Entretanto, como António Costa disse, no dia 16, que não houve crise política ou do Governo, o Chefe de Estado, no dia 17, no final duma visita ao mercado da Ericeira, no concelho de Mafra, sustentou que não houve crise no Governo e que portugueses devem estar gratos a Centeno pelo que tem vindo a fazer ao longo dos anos e que o reafirmou há mês e meio, dois meses. E voltou à carga com a questão do NB ao dizer de forma tão isenta e enfática:
O dinheiro público é dinheiro dos contribuintes, portanto, saber se é bem utilizado, como é que é utilizado, isso é uma questão que não tem a ver com A, com B ou com C. É tão óbvio, tão óbvio, tão óbvio que toda a gente percebe que num período de dificuldade ainda é mais importante controlar o uso do dinheiro público.”.

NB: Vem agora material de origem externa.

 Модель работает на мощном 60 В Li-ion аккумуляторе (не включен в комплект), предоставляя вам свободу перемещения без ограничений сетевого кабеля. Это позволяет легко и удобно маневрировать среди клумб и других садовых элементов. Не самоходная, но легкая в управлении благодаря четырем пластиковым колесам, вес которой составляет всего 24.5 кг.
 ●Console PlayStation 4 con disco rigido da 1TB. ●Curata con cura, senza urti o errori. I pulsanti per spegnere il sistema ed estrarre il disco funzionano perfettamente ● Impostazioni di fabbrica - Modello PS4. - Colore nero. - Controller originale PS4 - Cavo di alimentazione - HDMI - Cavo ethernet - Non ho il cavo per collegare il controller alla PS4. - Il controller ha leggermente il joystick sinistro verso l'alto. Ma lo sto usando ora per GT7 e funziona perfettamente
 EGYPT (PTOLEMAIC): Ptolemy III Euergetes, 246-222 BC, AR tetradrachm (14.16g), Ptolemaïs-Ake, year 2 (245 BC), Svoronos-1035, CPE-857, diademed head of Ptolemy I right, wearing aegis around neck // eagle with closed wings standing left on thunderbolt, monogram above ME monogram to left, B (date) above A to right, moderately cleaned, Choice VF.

Também o Presidente da República não vê nenhum problema numa transição direta do cargo de Ministro das Finanças para o de governador do Banco de Portugal aduzindo que isso já aconteceu por duas vezes: uma no tempo da ditadura, com o professor Pinto Barbosa; outra no tempo do governo do professor Cavaco Silva, com o professor Miguel Beleza – adiantando:  
Aconteceu sem reparo nenhum quer num caso quer noutro, mas a decisão não é minha, é do senhor Primeiro-Ministro.

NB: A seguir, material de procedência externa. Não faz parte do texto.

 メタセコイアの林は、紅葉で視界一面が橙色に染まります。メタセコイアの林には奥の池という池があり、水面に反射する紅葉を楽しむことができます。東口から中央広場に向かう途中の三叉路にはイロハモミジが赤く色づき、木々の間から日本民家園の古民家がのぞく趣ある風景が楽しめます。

E lá deixou a dica do não comentário, o que nunca deixou de fazer, ressalvando que “o Governo é que nomeia o governador do Banco de Portugal e, portanto, quando o problema se colocar, daqui por umas semanas ou daqui por um mês, o Governo decidirá”, vincando que “o Presidente da República não tem intervenção nessa matéria” e que “é de bom tom não estar a pisar a competência de outros órgãos” e que “há separação de poderes”. Belo princípio!

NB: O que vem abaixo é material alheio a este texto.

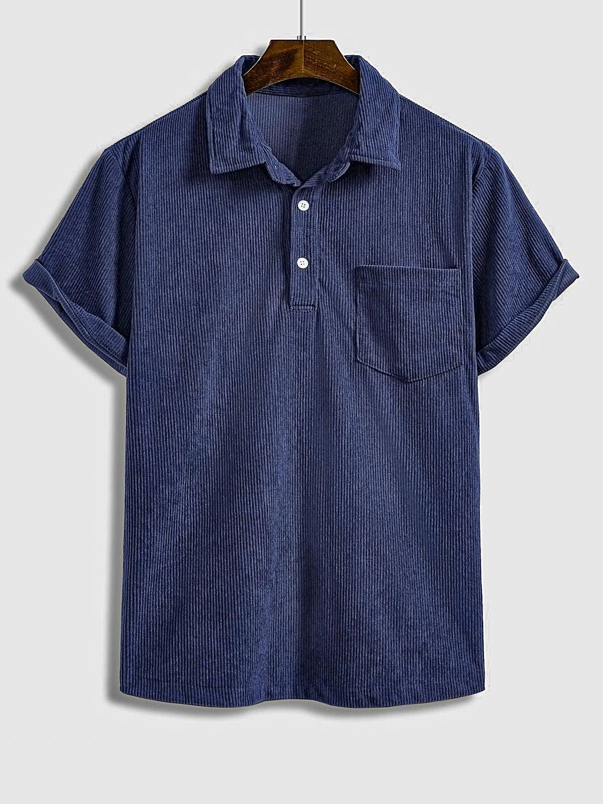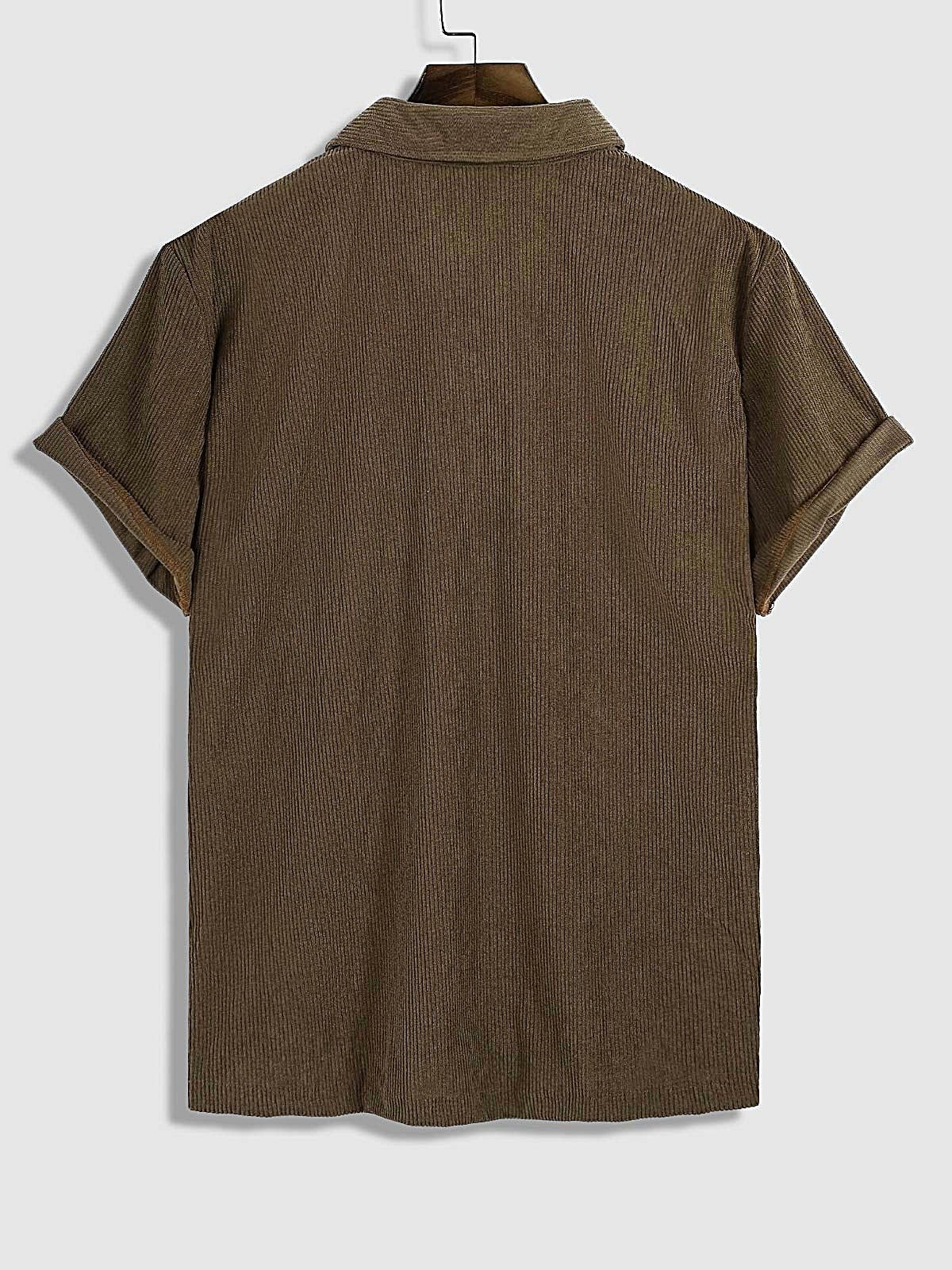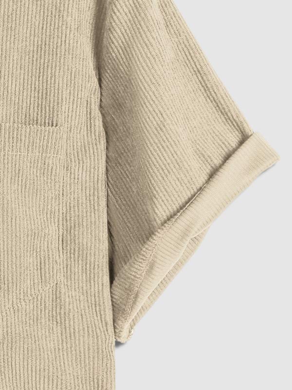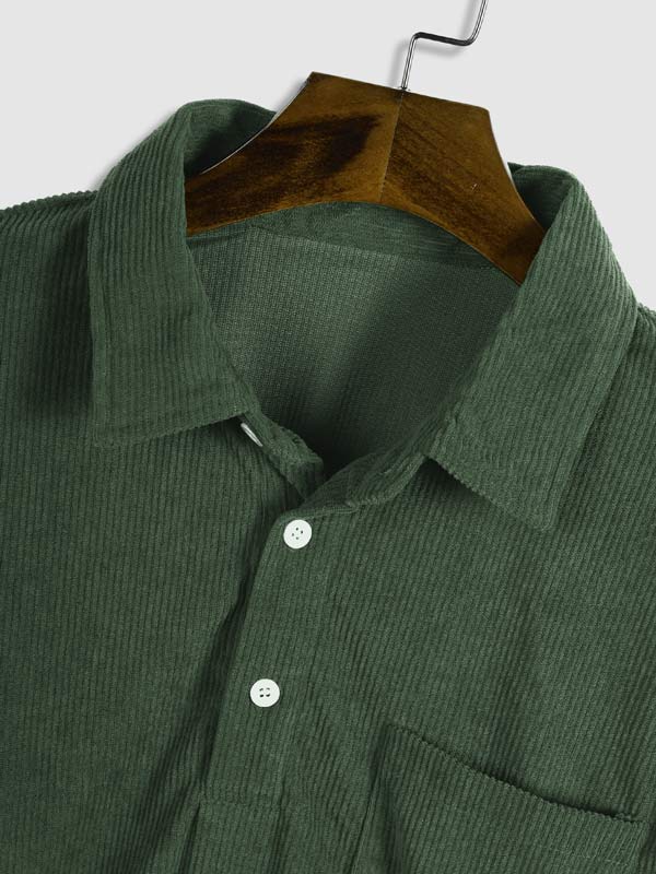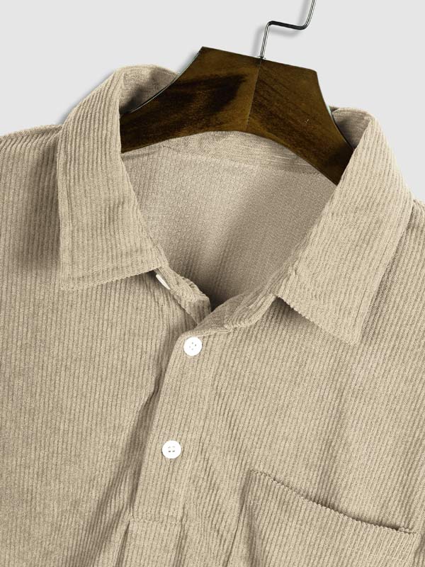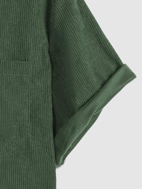 Men's Corduroy Half Button Short Sleeve Shirt Casual Shorts Set

Promulgou o decreto do Governo que excecionou a celebração do 1.º de maio das restrições à circulação na emergência; depois, veio dizer que não imaginava o que veio a suceder.  
O predito acordeonismo provém da sede de protagonismo e exibicionismo que o fazem sentir-se bem no exercício das funções de Estado, quer no cumprimento do protocolo, quer juntando ao poder simbólico que detém o tique de professor catedrático de direito – que o leva a explicar tudo ao vetar ou promulgar diplomas ou a dispensar-se de os submeter ao TC para fiscalização da constitucionalidade, prévia ou sucessiva – e comentar tudo e todos.
Já não falo da selfie, do rap, do beijo e abraço ou de ensinar a juventude moçambicana a pegar no microfone para cantar; de ser ele a explicar, após reuniões com especialistas, as medidas do confinamento ou desconfinamento invocando razões técnicas e socioeconómicas; da marcação dum mergulho no mar ou do expediente de ter combinado com um pescador a levá-lo ao sítio se a praia estiver sobrelotada; de se perfilar no supermercado em calção e mãos atrás das costas; ou de dizer ser aquele que mais precisa das eucaristias, enquanto elogia a decisão do cardeal Marto.
Enfim acordeonismo e exibicionismo q. b. a exornar o halo presidencial.